El Congreso de 1816: entre deliberaciones y empréstitos

El Congreso de 1816: entre deliberaciones y empréstitos

Preparativos, desafíos y debates para alcanzar la declaración de la Independencia.

UN IMPULSOR INCANSABLE. La decisión de Bernabé Aráoz fue crucial. UN IMPULSOR INCANSABLE. La decisión de Bernabé Aráoz fue crucial.
09 Julio 2023

Por José María Posse

Abogado, escritor, historiador del Instituto Belgraniano

Desde el mes de marzo de 1816, cuando comenzaron las sesiones del Congreso, la ciudad aldea tucumana de entonces cambió su fisonomía. Caballeros bien vestidos que iban y venían en discusiones con eventuales contertulios; sacerdotes que se apuraban entre las oraciones matinales, las misas y los encendidos debates en casa de los Bazán. Se sumaba a ello la actividad incesante de los vecinos curiosos, ávidos por obtener las últimas noticias, con las cuales engrosar la comidilla diaria. Por su parte, el gobernador Bernabé Aráoz se dio tiempo para organizar personalmente todo lo relativo a la instalación del Congreso de 1816, hasta en sus detalles mínimos, lo que era reconocido en todas las antiguas provincias del Virreynato.

Eficaz organizador

No en vano, el propio general José de San Martín, en carta de enero de 1816 desde Mendoza al diputado Tomás Godoy Cruz le escribía: “Cuánto celebro que no haya sido exagerado el cuadro que le hice sobre el amable y virtuoso intendente de esa provincia (Aráoz); hay pocos americanos comparables con él” (Mitre Bartolomé, Historia de San Martín, Tomo I).

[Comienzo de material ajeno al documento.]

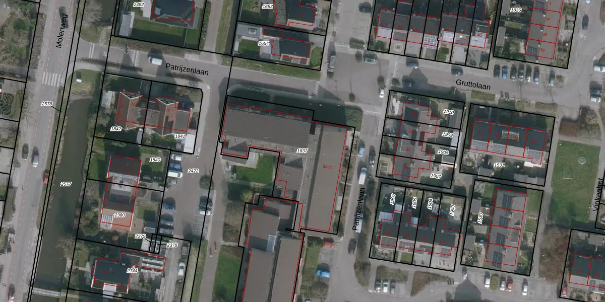 Gebruik de zoekbalk of klik op een perceel om informatie over het perceel te bekijken.

El gobernador Aráoz comenzó inmediatamente a tomar las medidas necesarias para recibir y ser anfitriones de la Magna Institución Fundacional. Según nos lo narra Julio P. Ávila en su trabajo “Ciudad Arribeña”, toda la población se puso de inmediato a trabajar para ser la sede y posteriormente Cuna de la Independencia (Ávila Julio P. “La Ciudad Arribeña”, Talleres Gráficos de LA GACETA, 1920).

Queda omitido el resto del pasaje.